En juin 1981, la Californie découvre les premiers cas de sida en observant des patients atteints d’une forme rare de pneumonie. 45 ans plus tard, la maladie a déjà fait plus de 40 millions de victimes dans le monde. Dans son livre, Marion Aballéa explore les différents enjeux qui font du VIH-sida une maladie si particulière. Elle fait le portrait le plus complet possible de cette « première pandémie des temps modernes » dont on annonce la fin pour 2030.

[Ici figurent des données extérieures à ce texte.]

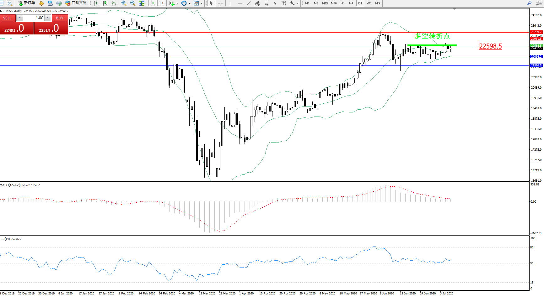 日经225指数7月8日(周三)收盘下跌169.19点,跌幅0.75%,报22445.50点。美国新冠疫情重燃以及部分国家重新实施封锁,投资者对新冠疫情立场愈发谨慎;美联储对经济的评论听起来有些暗淡。目前有理由为之担心,因为还难以判断疫情何时可控。日本京都府7日表示,当地新增9名新冠肺炎确诊病例。京都市政府认为,市内已新增一起因聚会而引发的集体感染情况,正在紧急调查详情。综合日本关西电视台、京都新闻7日消息,新增的9名确诊患者中有5名男性,都曾去过6月30日京都市内一家餐饮店里办的聚会,开怀畅饮。这5人年龄在20-30岁,关系为同事、朋友等。另有一名参加聚会的20多岁男性于6日被确诊感染新冠病毒。这场聚会共8人参加,目前已有6人确诊。京都市政府认为,聚会已引发新的集体感染。

Aussi bien pour un public curieux que pour les chercheurs en sciences sociales comme en médecine, le travail de l’historienne interroge le rapport de nos sociétés contemporaines au risque infectieux et pandémique. Elle décortique certains fondements des sociétés contemporaines comme les politiques de santé publique, les solidarités et concurrences internationales, mais aussi les comportements individuels face au risque de transmission ainsi que notre rapport à la science.
Marion Aballéa Historienne de la diplomatie de la santé
« J’ai d’abord travaillé sur l’histoire des relations internationales et je me suis intéressé à l’histoire de la diplomatie en santé. Avec l’ouverture des archives plus de 40 ans après le début de la pandémie, il y a toute une documentation autour des enjeux internationaux, politiques, sociaux liés à la pandémie VIH Sida qui devient disponible ».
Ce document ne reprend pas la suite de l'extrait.